The ABC was founded in 1932 to take over the production duties of the Australian Broadcasting Company and operation of the Postmaster-General's Department's National Broadcasting Service. Upon its establishent, it operated twelve stations across Australia, and invested in six symphony orchestras. The ABC expanded over the following decades, opening and aquiring more stations, and establishing new national networks: Radio National, Triple J, and ABC Classic. Consolidation in the 1990s led to the divestment of the orchestras – which spun off into Symphony Australia – and the centalisation of operations into new headquarters in Sydney and Melbourne. Regular digital radio and internet radio broadcasts commenced in 2009 and 2012, respectively.
History
Origins
The first public radio station in Australia opened in Sydney on 23 November 1923 under the call sign 2SB. Other stations in Melbourne, Brisbane, Adelaide, Perth and Hobart followed. A licensing scheme administered by the Postmaster-General's Department, was soon established allowing certain stations government funding, albeit with restrictions placed on their advertising content. In 1924 the licensing system was changed. The Postmaster-General's Department collected all licence fees and broadcasters were funded as either A-Class or B-Class stations. A-Class stations received government funding and were able to take limited advertising, while B-Class stations received no government funding but could carry more advertising.
By 1925 many of the A-Class stations were in financial difficulty.[citation needed] A 1927 Royal Commission into wireless broadcasting recommended that radio licence fees be pooled to fund larger A-Class stations. The government established the National Broadcasting Service to take over the 12 A-Class licences as they came up for renewal from 1928. The original legislation permitted advertising, but this was removed from the Act before it came into effect. At the same time, the government created the Australian Broadcasting Company to supply programs to the new national broadcaster.
Establishment and early years (1932–1940)
Initially the Postmaster-General's Department, which operated postal and telephone services, was responsible for operating the National Broadcasting Service, although this arrangement did not have universal political support. As a result, the Australian Broadcasting Commission was established on 1 July 1932 to take over the Australian Broadcasting Company and run the National Broadcasting Service. The ABC was to be based on the BBC model, funded primarily through listener license fees, with some direct government grants. The Australian Broadcasting Commission's original twelve radio stations were:
- 2FC Sydney
- 2BL Sydney
- 3AR Melbourne
- 3LO Melbourne
- 4QG Brisbane
- 5CL Adelaide
- 6WF Perth
- 7ZL Hobart
- 2NC Newcastle
- 2CO Corowa
- 4RK Rockhampton
- 5CK Crystal Brook
These formed the basis for the present-day ABC Local Radio and Radio National networks.
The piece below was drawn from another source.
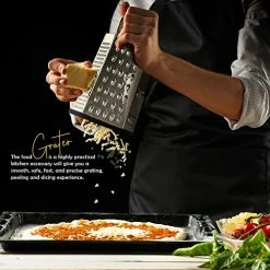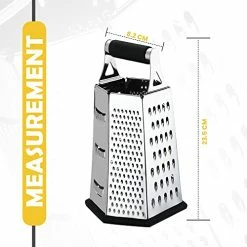 - SIX SIDED BOX GRATER – An all in one shredding tool measuring 3.5 x 9.5 x 4.5 inches. The food grater is a highly practical kitchen accessory will give you a smooth, safe, fast, and precise grating, peeling and slicing experience. You can efficiently prepare your meals without any extra hassle.

The opening-day program included the first "Children's Session" with "Bobby Bluegum"; the first sports program, ‘Racing Notes’, with WA Ferry calling the Randwick races; ‘British Wireless News’, received by cable from London; weather; stock exchange and shipping news; the ABC Women's Association session (on ‘commonsense housekeeping’ and needlecraft); a talk on goldfish and their care; as well as ‘Morning Devotions’ and music. Conductor Sir Bernard Heinze was appointed to the position of part-time musical adviser to the ABC in 1934. In 1937, the network was further expanded with the purchase of Brisbane's 4BC. Two years later, the commission began publishing the ABC Weekly - a radio magazine promoting the ABC's local radio, and later television, programs.
Among the other early programs were the stations' famous 'synthetic' cricket broadcasts - when tests were played in England, commentators in the ABC's Sydney studios used cables from London and sound effects to recreate the match in play. In addition, all 38 of William Shakespeare's plays were performed live between 1936 and 1938. Local drama was produced, with a competition for plays and sketches from Australian authors held in 1934. Talks from prominent figures of the time such as King George V, Pope Pius XI, British Prime Minister Ramsay MacDonald, Adolf Hitler and H. G. Wells were broadcast.
During the broadcaster's first decades, programs generally consisted of music, news and current affairs, sport, drama, children's educational supplements and school broadcasts. The ABC hired its first journalist in 1934, and the service continued to be expanded, with the appointment of a federal news editor in 1936, and in 1939 a Canberra correspondent to cover national politics. Because recording technology was still relatively primitive, all ABC programs (including music) were broadcast live until 1935, when the first disc-based recorder was installed at the commission's Sydney studios. For this purpose, the ABC established broadcasting orchestras in each state, and in some centres employed choruses and dance bands.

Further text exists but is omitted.